• Data in this exercise
-- -- --

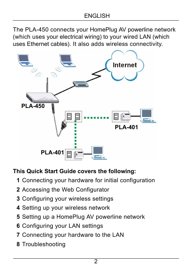 ENGLISH The PLA-450 connects your HomePlug AV powerline network (which uses your electrical wiring) to your wired LAN (which uses Ethernet cables). It also adds wireless connectivity.
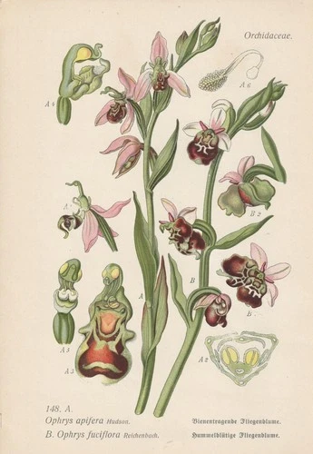 Bee Orchid (Ophrys Apifera) Orchid Thome Chromolithography Um 1900
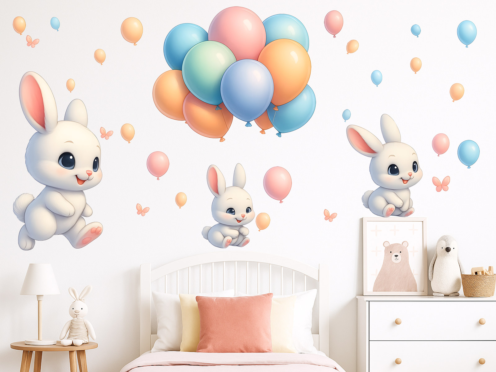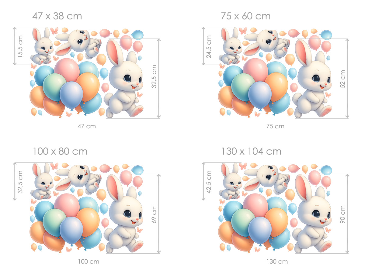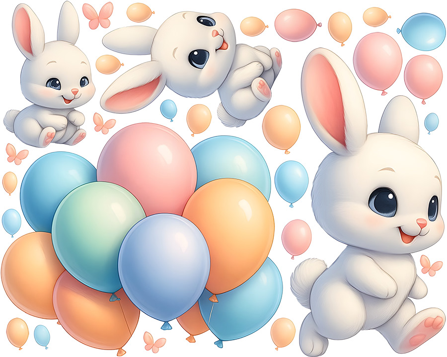 Samolepka na stenu Zajaíci s balónkami priáší do detskéej izby kúzelnú atmosféru plnú radosti, jemnosti a hravé energie. Sada obsahuje niekoπko roztomilích zajaíčkov v rôznych&´ch pózách – jeden veselo beží, druhý dovádí vo vzduchu a další sedí a sleduje farebné balóniky okolo seba. Nad nimi sa vznáší velký zväzok pastelových balónikov v odínoch ružové, broskyňé, modré a zelené, doplnenýý drobnými létajícími balónkami a jemnými motýlkami, ktoré celému motívu dodávají ľahkosť a snový charakter. Ilustrácie sú vytvorenéé v hebkém, jemne realistickém štýle s čistým bílým pozadím, takže krásne zapadnú do každého detského izby a vytvorí pocit veselého, priátelského sveta plného fantázie a radosti.
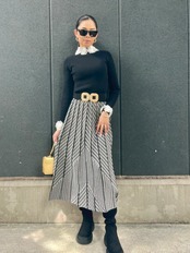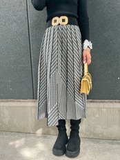 シンプルながらも上品な印象を与える、切替チェック柄のロングスカートが登場しました♡
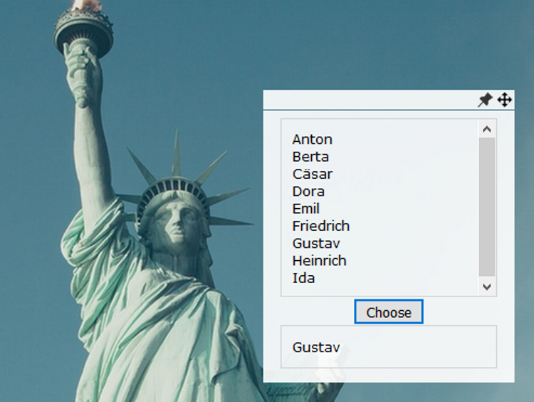 „Zufälliger Schüler“: Wenn Sie einen zufälligen Schüler Ihrer Klasse bestimmen wollen (z. B. um ihn auszufragen), können Sie hier eine Namensliste im Textformat hochladen. Tipp: Der Upload selbst einer vorgefertigten Namenliste ist relativ aufwendig. Schneller geht’s wie folgt: Sie klicken auf das Würfelsymbol und verwenden einen Würfel. Die Augenzahl des ersten Wurfs bestimmt die Reihe des Schülers, der zweite Wurf den Sitzplatz, wobei Sie vorher festlegen sollten, ob von rechts (z.B. vom Fenster) oder von links (z.B. der Wand) gezählt wird. Alternativ können Sie mit zwei Würfeln arbeiten. Der linke bestimmt die Reihe des Schülers, der rechte Würfel den Sitzplatz z.B. vom Fenster aus gezählt.
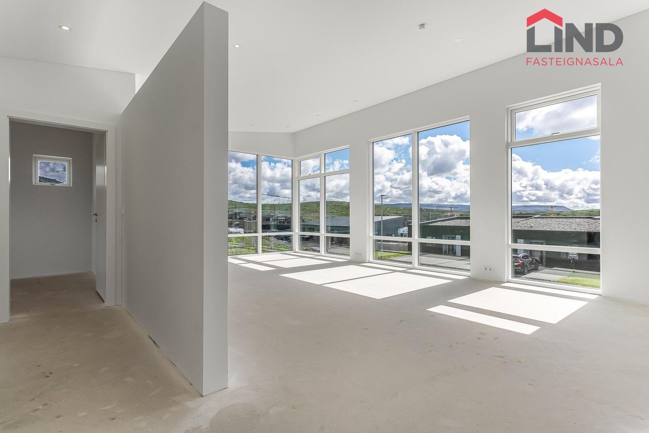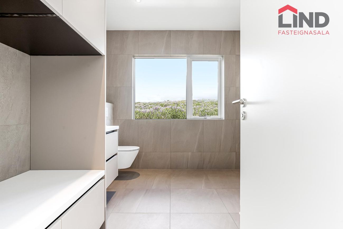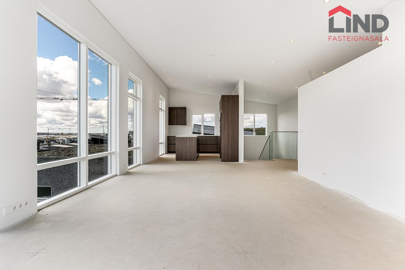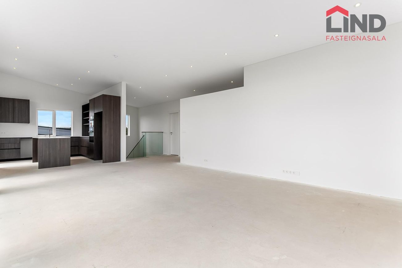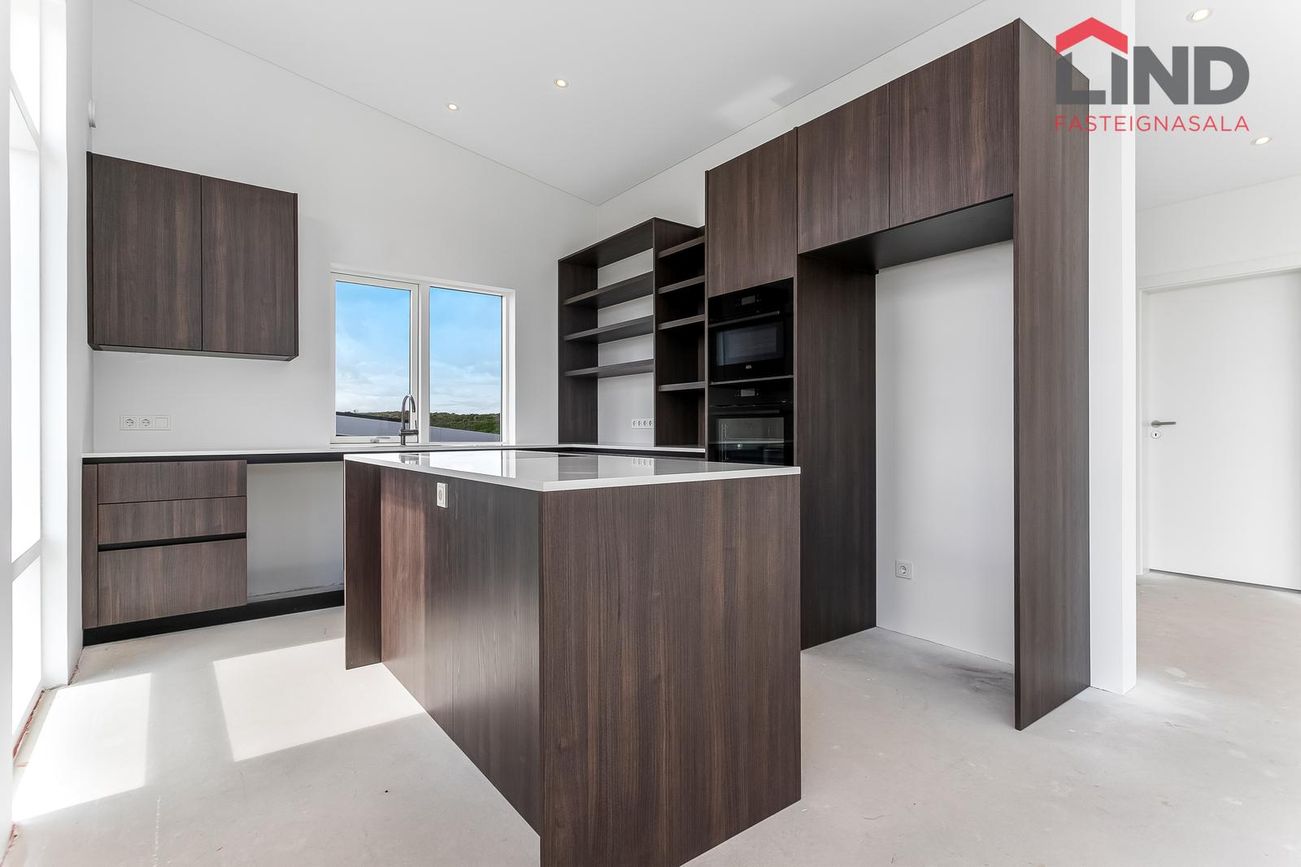 204 m², 4 svefnherbergi, 2 baðherbergi, gólfhiti, quartz eldhúsborð, AEG tæki, sólstopp gler.
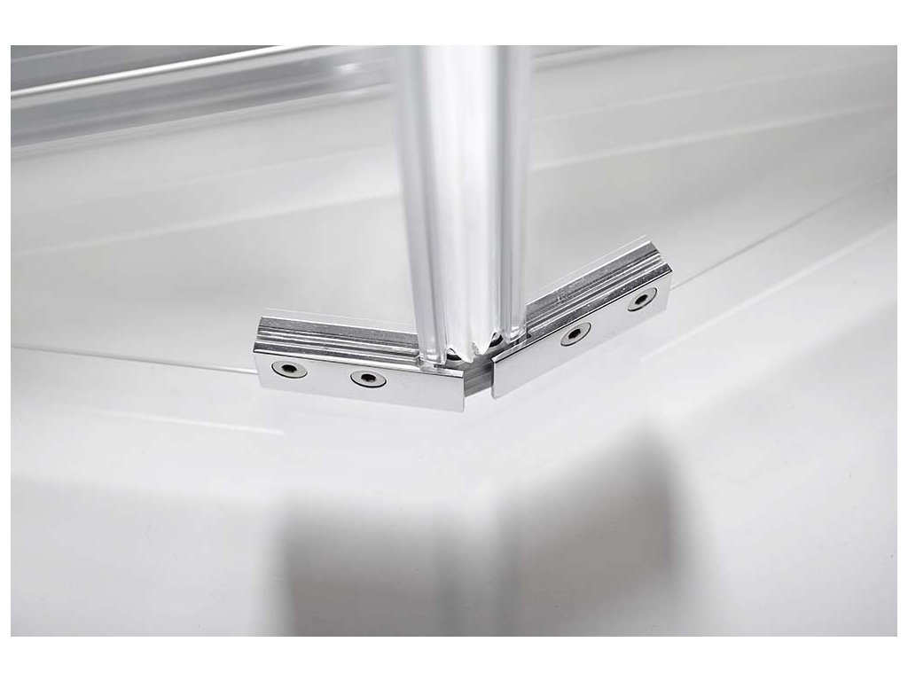 - Zástěny jsou dodávány v částečně smontovaném stavu (skla jsou zasazena do hliníkových profilů)
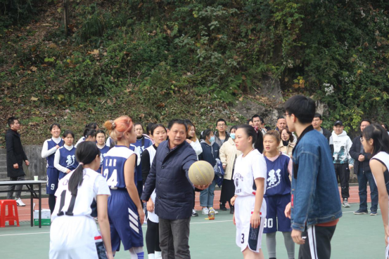图为王群立老师为女篮开球
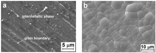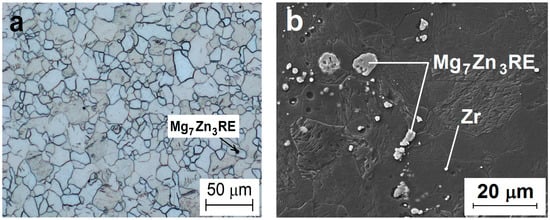 To reveal the ZE10 magnesium alloy microstructure, prepared and polished metallographic samples were poured into an acetic picral etchant (consisting of 4.2 g of picric acid, 10 mL of acetic acid, 10 mL of distilled water, and 70 mL of ethanol) for 3 s and then into 2% Nital for 1 s [19]. The microstructure of the substrate, characterized on the surface parallel to the material processing, was formed by solid solution grains of α-Mg, Mg7Zn3(RE) (La, Ce)-based particles and undissolved Zr particles (Figure 1b) [1,5]. Via EDS analysis, the presence of Ce, La, Pr, and Nd elements was found in the Mg7Zn3(RE) (La, Ce)-based particles.
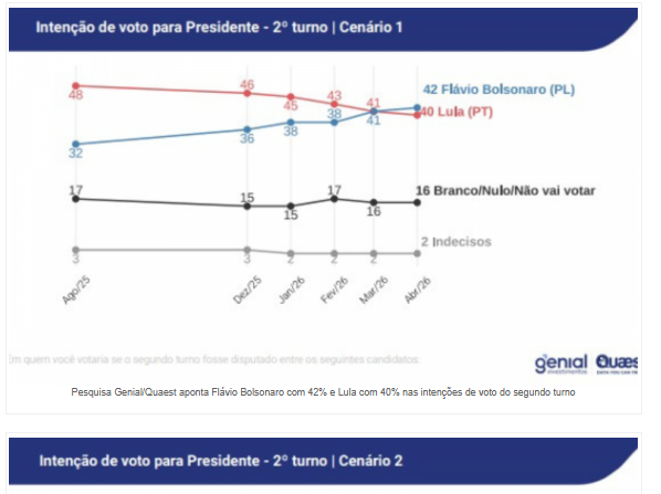 O pré-candidato Flávio Bolsonaro (PL) superou numericamente o presidente Lula (PT), pela primeira vez, nas intenções de voto para o segundo turno, segundo pesquisa Genial/Quaest divulgada nesta quarta-feira (15). O filho do ex-presidente Jair Bolsonaro e o petista empatam tecnicamente, com 42% contra 40%, respectivamente.
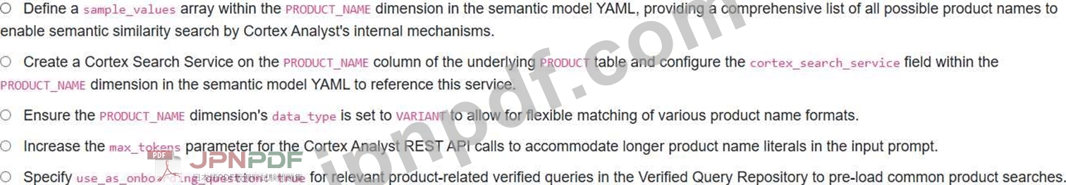 A Gen AI Specialist is tasked with enhancing a Cortex Analyst semantic model to improve the accuracy of literal string searches for product names within user queries. The product names are stored in a high-cardinality PRODUCT_NAME column in the underlying PRODUCT table. The current semantic model already defines a dimension for PRODUCT_NAME. Which of the following configurations and considerations are essential for integrating Cortex Search with Cortex Analyst to achieve this goal?
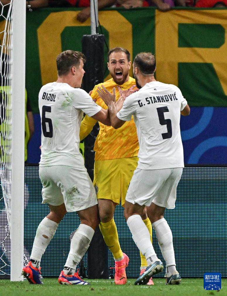 7月1日,斯洛文尼亚队守门员奥布拉克(中)在比赛中扑出葡萄牙队球员克·罗纳尔多主罚的点球后和队友庆祝。新华社记者 任鹏飞 摄
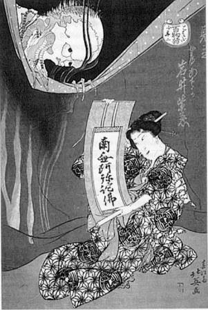 Но Кохада не успокоился. Однажды ночью О-Цука проснулась и увидела, что край москитной сетки слегка сдвинут и в образовавшемся отверстии маячит полуистлевшая голова её бывшего супруга. Можно представить, на сколько улиц вокруг был слышен радостный крик вдовы. Бывали ночи, когда зловещий силуэт появлялся рядом с ложем любовников, не оставляя тем возможности как-то наладить личную жизнь. Именно такой момент запечатлел на своей гравюре великий Хокусай. Изрядно разложившийся Кохада, отодвинув москитную сетку, пристально смотрит куда-то за край гравюры. Очевидно, именно там расположились невидимые для нас счастливые любовники. Интересно, что существует гравюра, созданная Сюнбайсаем Хокуэем, копирующая произведение Хокусая. В композицию добавлена злополучная О-Цука, вцепившаяся в некий лист, украшенный размашистыми иероглифами. Очевидно, это тот самый свиток с защитным заклинанием, о котором говорилось выше. Сам юрей увеличился в размерах и напоминает усопшего великана.
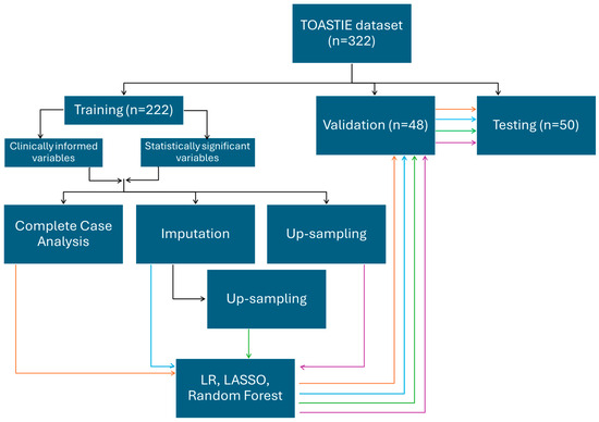 An infographic demonstrating the splitting of data into a train/validation/testing set. Using the training set, two combinations of variables and four different methods of processing are chosen. The different training sets were each used with logistic regression, LASSO and random forest for model building, which are then internally validated. Results are then reported from the testing dataset. Orange follows the route of training datatset which have been analyssed as complete case; blue by imputation; green by upsampling after imputation and purple by upsampling only.
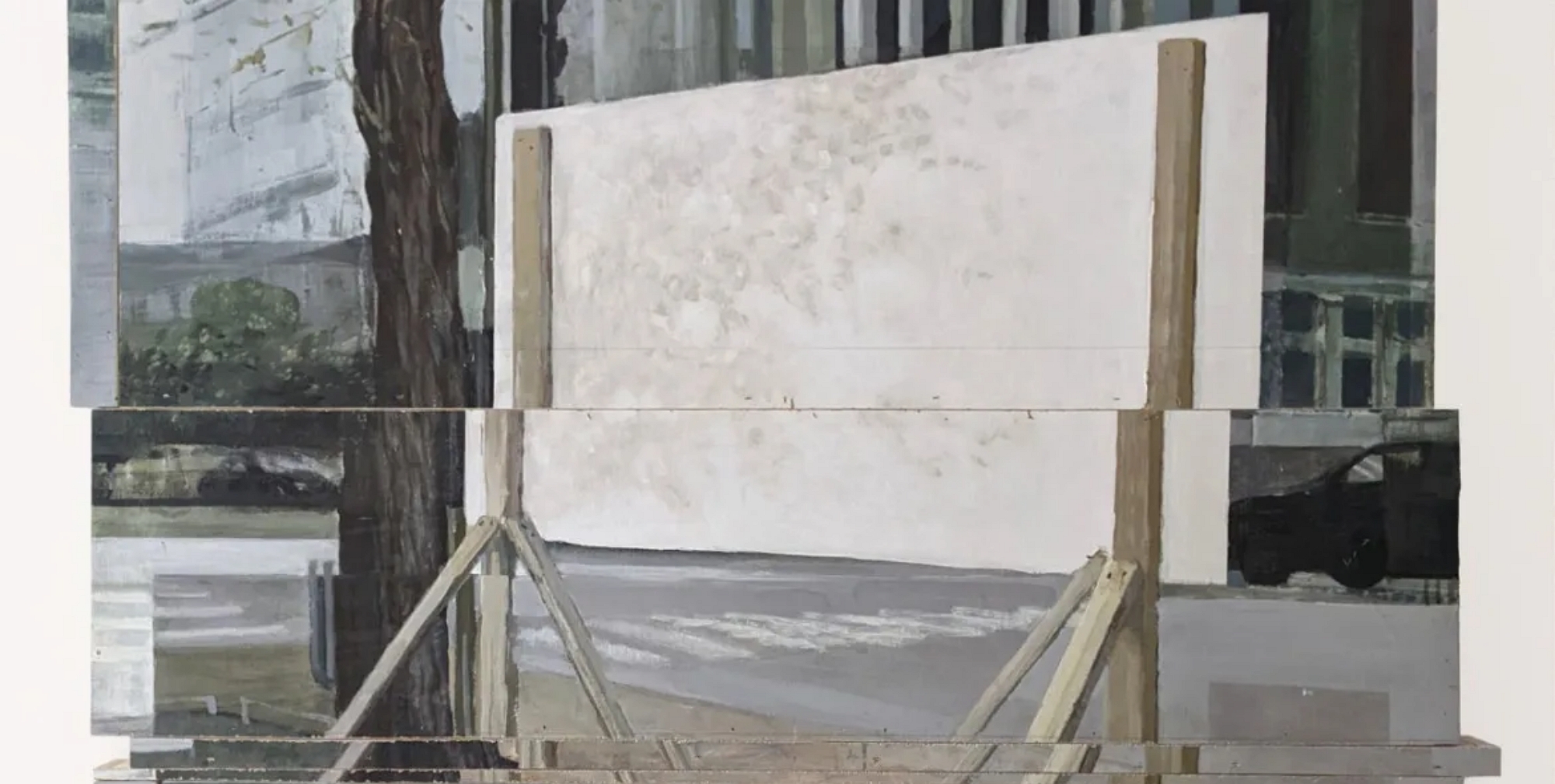 Fidèle à ses méthodes et machinations précédentes, les peintures y sont investies dans leurs intégrité picturale et physique. On y retrouve des tableaux sectionnés, disloqués, raboutés par des gestes d’addition et de soustraction de matière. Ces remaniements évoquent paradoxalement la nouvelle nature virtuelle de l’image et des glitches qui la recomposent lors d’altérations hasardeuses. À travers ces machinations anxieuses, l’artiste développe une imagerie sur les thèmes de la communication de masse, du développement urbain et de la propriété privée.
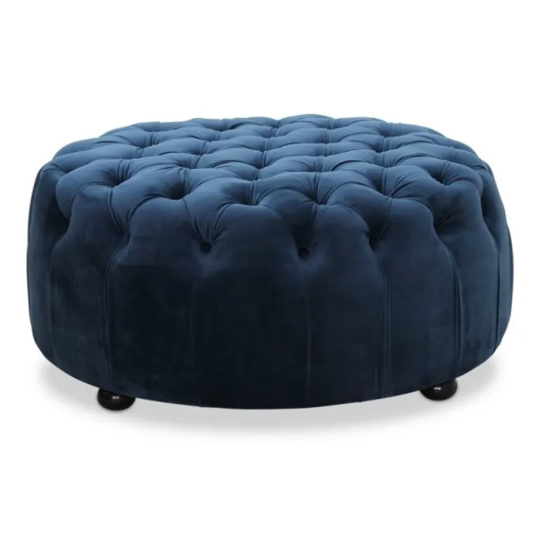 Chesterfield Cambridge fodskammel i blå Velour! Kan placeres overalt i hjemmet som ekstra sæde eller til et hyggeligt interiør!
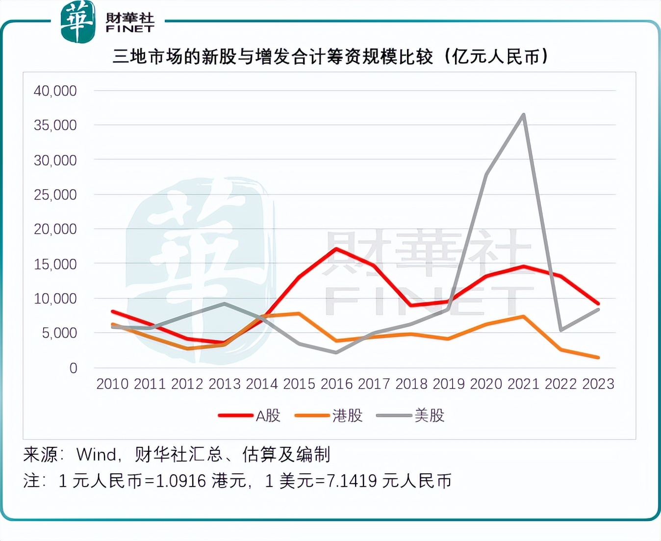 2023年A股总筹资额规模达到9,164亿元人民币,远高于美股的1,177亿美元,约合8,409亿元人民币,而港股市场的总融资规模仅相当于去年的一半。

-- -- --

• Task instructions
Please repeat the records above exactly, leaving every picture out.

• Answer section
 ENGLISH The PLA-450 connects your HomePlug AV powerline network (which uses your electrical wiring) to your wired LAN (which uses Ethernet cables). It also adds wireless connectivity.
 Bee Orchid (Ophrys Apifera) Orchid Thome Chromolithography Um 1900
 Samolepka na stenu Zajaíci s balónkami priáší do detskéej izby kúzelnú atmosféru plnú radosti, jemnosti a hravé energie. Sada obsahuje niekoπko roztomilích zajaíčkov v rôznych&´ch pózách – jeden veselo beží, druhý dovádí vo vzduchu a další sedí a sleduje farebné balóniky okolo seba. Nad nimi sa vznáší velký zväzok pastelových balónikov v odínoch ružové, broskyňé, modré a zelené, doplnenýý drobnými létajícími balónkami a jemnými motýlkami, ktoré celému motívu dodávají ľahkosť a snový charakter. Ilustrácie sú vytvorenéé v hebkém, jemne realistickém štýle s čistým bílým pozadím, takže krásne zapadnú do každého detského izby a vytvorí pocit veselého, priátelského sveta plného fantázie a radosti.
 シンプルながらも上品な印象を与える、切替チェック柄のロングスカートが登場しました♡
 „Zufälliger Schüler“: Wenn Sie einen zufälligen Schüler Ihrer Klasse bestimmen wollen (z. B. um ihn auszufragen), können Sie hier eine Namensliste im Textformat hochladen. Tipp: Der Upload selbst einer vorgefertigten Namenliste ist relativ aufwendig. Schneller geht’s wie folgt: Sie klicken auf das Würfelsymbol und verwenden einen Würfel. Die Augenzahl des ersten Wurfs bestimmt die Reihe des Schülers, der zweite Wurf den Sitzplatz, wobei Sie vorher festlegen sollten, ob von rechts (z.B. vom Fenster) oder von links (z.B. der Wand) gezählt wird. Alternativ können Sie mit zwei Würfeln arbeiten. Der linke bestimmt die Reihe des Schülers, der rechte Würfel den Sitzplatz z.B. vom Fenster aus gezählt.
 204 m², 4 svefnherbergi, 2 baðherbergi, gólfhiti, quartz eldhúsborð, AEG tæki, sólstopp gler.
 - Zástěny jsou dodávány v částečně smontovaném stavu (skla jsou zasazena do hliníkových profilů)
图为王群立老师为女篮开球
 To reveal the ZE10 magnesium alloy microstructure, prepared and polished metallographic samples were poured into an acetic picral etchant (consisting of 4.2 g of picric acid, 10 mL of acetic acid, 10 mL of distilled water, and 70 mL of ethanol) for 3 s and then into 2% Nital for 1 s [19]. The microstructure of the substrate, characterized on the surface parallel to the material processing, was formed by solid solution grains of α-Mg, Mg7Zn3(RE) (La, Ce)-based particles and undissolved Zr particles (Figure 1b) [1,5]. Via EDS analysis, the presence of Ce, La, Pr, and Nd elements was found in the Mg7Zn3(RE) (La, Ce)-based particles.
 O pré-candidato Flávio Bolsonaro (PL) superou numericamente o presidente Lula (PT), pela primeira vez, nas intenções de voto para o segundo turno, segundo pesquisa Genial/Quaest divulgada nesta quarta-feira (15). O filho do ex-presidente Jair Bolsonaro e o petista empatam tecnicamente, com 42% contra 40%, respectivamente.
 A Gen AI Specialist is tasked with enhancing a Cortex Analyst semantic model to improve the accuracy of literal string searches for product names within user queries. The product names are stored in a high-cardinality PRODUCT_NAME column in the underlying PRODUCT table. The current semantic model already defines a dimension for PRODUCT_NAME. Which of the following configurations and considerations are essential for integrating Cortex Search with Cortex Analyst to achieve this goal?
 7月1日,斯洛文尼亚队守门员奥布拉克(中)在比赛中扑出葡萄牙队球员克·罗纳尔多主罚的点球后和队友庆祝。新华社记者 任鹏飞 摄
 Но Кохада не успокоился. Однажды ночью О-Цука проснулась и увидела, что край москитной сетки слегка сдвинут и в образовавшемся отверстии маячит полуистлевшая голова её бывшего супруга. Можно представить, на сколько улиц вокруг был слышен радостный крик вдовы. Бывали ночи, когда зловещий силуэт появлялся рядом с ложем любовников, не оставляя тем возможности как-то наладить личную жизнь. Именно такой момент запечатлел на своей гравюре великий Хокусай. Изрядно разложившийся Кохада, отодвинув москитную сетку, пристально смотрит куда-то за край гравюры. Очевидно, именно там расположились невидимые для нас счастливые любовники. Интересно, что существует гравюра, созданная Сюнбайсаем Хокуэем, копирующая произведение Хокусая. В композицию добавлена злополучная О-Цука, вцепившаяся в некий лист, украшенный размашистыми иероглифами. Очевидно, это тот самый свиток с защитным заклинанием, о котором говорилось выше. Сам юрей увеличился в размерах и напоминает усопшего великана.
 An infographic demonstrating the splitting of data into a train/validation/testing set. Using the training set, two combinations of variables and four different methods of processing are chosen. The different training sets were each used with logistic regression, LASSO and random forest for model building, which are then internally validated. Results are then reported from the testing dataset. Orange follows the route of training datatset which have been analyssed as complete case; blue by imputation; green by upsampling after imputation and purple by upsampling only.
 Fidèle à ses méthodes et machinations précédentes, les peintures y sont investies dans leurs intégrité picturale et physique. On y retrouve des tableaux sectionnés, disloqués, raboutés par des gestes d’addition et de soustraction de matière. Ces remaniements évoquent paradoxalement la nouvelle nature virtuelle de l’image et des glitches qui la recomposent lors d’altérations hasardeuses. À travers ces machinations anxieuses, l’artiste développe une imagerie sur les thèmes de la communication de masse, du développement urbain et de la propriété privée.
 Chesterfield Cambridge fodskammel i blå Velour! Kan placeres overalt i hjemmet som ekstra sæde eller til et hyggeligt interiør!
 2023年A股总筹资额规模达到9,164亿元人民币,远高于美股的1,177亿美元,约合8,409亿元人民币,而港股市场的总融资规模仅相当于去年的一半。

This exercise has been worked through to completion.